Tentu saja masih ada waktu—cukup waktu untuk mencoba mencari jalan keluar. Namun, bagaimana mereka bisa percaya musuh tidak akan mengkhianati, menipu, dan menghancurkan mereka? Itu selalu menjadi kemungkinan. Bahkan jika Finn bisa percaya Leon tidak akan melakukannya, dia tidak akan memiliki kepercayaan itu pada Holfort secara keseluruhan.
Mungkin jika Leon meninggalkan Luxion, dan semua orang, dan berpaling padaku, aku bisa—tidak. Itu tidak akan pernah terjadi. Finn tidak ingin melawan Leon, tetapi dia juga tidak dalam posisi untuk menghindar. Dia memegang gelar yang diberikan kepada kesatria terkuat di kekaisaran, dan itu disertai dengan tanggung jawab.
Bagaimanapun juga, ada sesuatu yang jauh lebih penting bagi Finn daripada kewajibannya, sesuatu yang tidak ingin ia abaikan.
“Aku ingin kau hidup sehat dan bahagia di bawah langit yang luas, Mia. Aku tidak akan ragu mengorbankan siapa pun untuk mencapainya,” kata Finn. Itu adalah keinginan yang egois, dan dia tahu itu.
Mia menundukkan kepalanya. “Meski begitu…” dia mulai bicara.
“Ini keputusanku,” potongnya, menolak membiarkannya selesai bicara. “Ini bukan salahmu.”
Bahkan jika Mia bersikeras sebaliknya, Finn tidak berniat menyerah dalam pertarungan ini. Namun, ia lebih suka tidak mendengar penolakan Mia. Jika Mia mendengarnya, tekadnya mungkin goyah.

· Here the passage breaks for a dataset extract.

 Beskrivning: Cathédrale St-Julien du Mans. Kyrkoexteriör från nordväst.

Aku tidak ingin Mia mati seperti adik perempuanku. Agar itu tidak terjadi, aku akan melawan Leon dengan sukarela, jika memang harus. Kenangan tentang mendiang adik perempuannya menghantui Finn—tentang bagaimana dia meninggal di usia muda setelah dirawat di rumah sakit dalam waktu yang lama. Mia sangat mirip dengan adik perempuannya sehingga Finn tidak bisa tidak melihatnya dalam diri Mia. Kali ini, dia ingin melindunginya dengan cara yang tidak bisa dia lakukan di kehidupan sebelumnya.

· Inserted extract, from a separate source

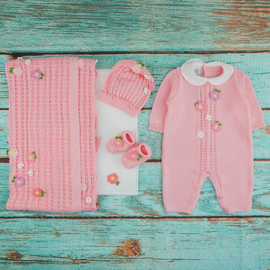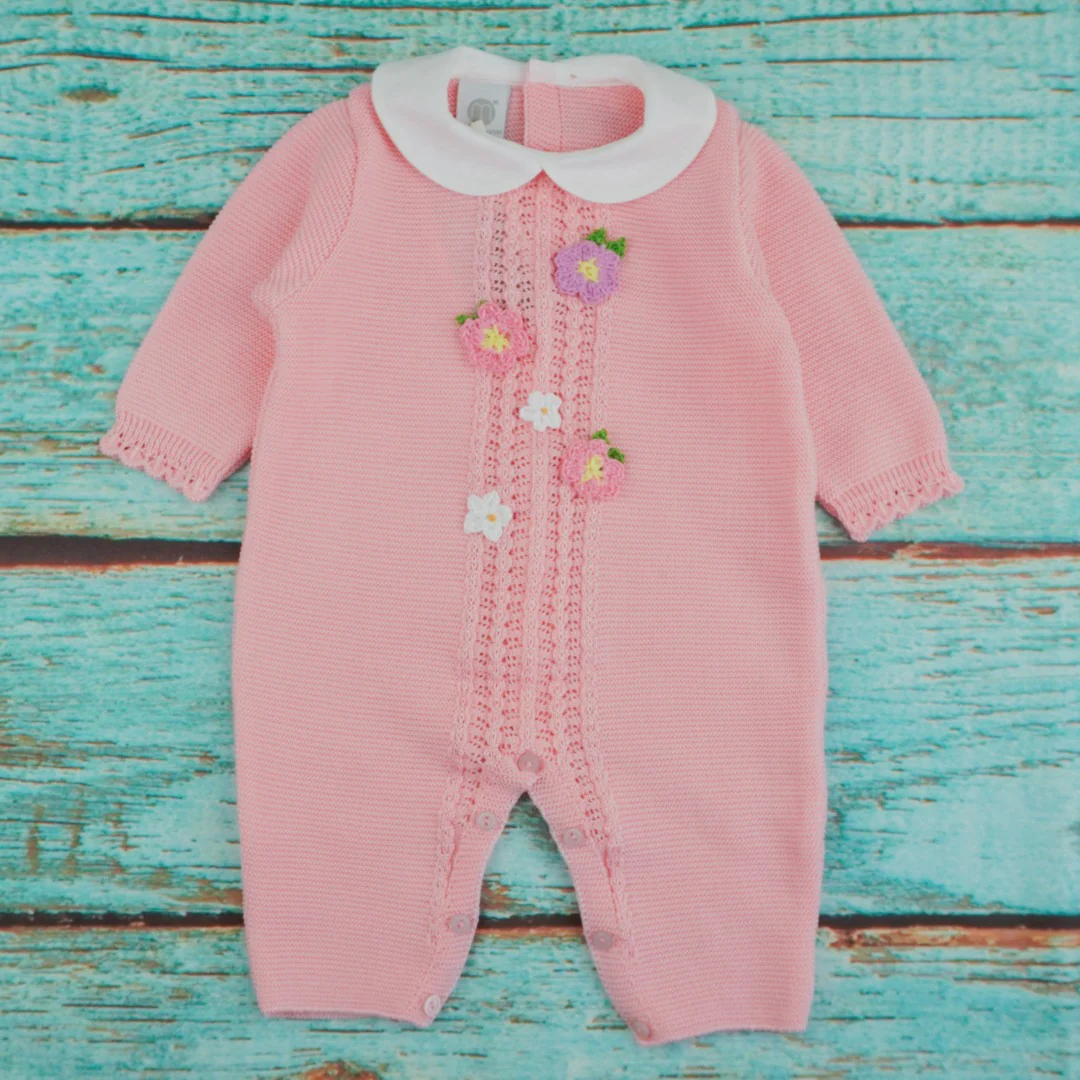 Tutina realizzata in filo di cotone, con una lavorazione particolare sulla fascia centrale. Questo capo meraviglioso presenta applicazioni di fiorellini colorati cuciti a mano, aggiungendo un tocco di vivacità e eleganza al design. Un capo unico per accogliere la tua piccola principessa nel mondo con stile e grazia.

Untungnya, Mia sudah pulih dari gejala-gejalanya dan kesehatannya kembali pulih. Finn tidak ingin melihatnya menderita lagi.
Brave diam-diam melirik ke arah keduanya, lalu menimpali. “Rekan dan aku tidak memiliki kekuatan maupun wewenang untuk menghentikan perang ini. Kumohon, Mia, jangan membenci rekanku karena ini; kekuatan kita sebagai pasangan tidak cukup untuk membuat perbedaan.”

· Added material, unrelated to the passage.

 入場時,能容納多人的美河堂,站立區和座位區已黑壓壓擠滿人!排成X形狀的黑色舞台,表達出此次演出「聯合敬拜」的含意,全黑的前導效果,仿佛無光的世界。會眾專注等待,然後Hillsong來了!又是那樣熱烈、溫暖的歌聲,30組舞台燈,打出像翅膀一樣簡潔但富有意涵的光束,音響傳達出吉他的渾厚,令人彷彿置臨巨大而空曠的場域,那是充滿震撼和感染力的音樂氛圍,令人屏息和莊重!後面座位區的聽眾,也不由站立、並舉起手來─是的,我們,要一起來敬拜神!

Setidaknya dia benar tentang itu.Tidak ada yang bisa mereka lakukan. Ini lebih besar dari kita. Kurasa Leon bahkan mungkin menyebutnya masalah sosial. Terlepas dari semua kekuatan yang telah dia dan aku manfaatkan, kurasa kita tetap tidak bisa memengaruhi masa depan, bukan?Finn berpikir sambil merendahkan dirinya.
Meski begitu, ia tak bisa berhenti membayangkan realitas alternatif di mana kedua belah pihak menemukan titik temu dan menyelesaikan masalah secara damai. Itulah sebabnya ia harus meraih kemenangan.
Maaf, Leon. Demi Mia, aku tidak sanggup kehilangan keduanya.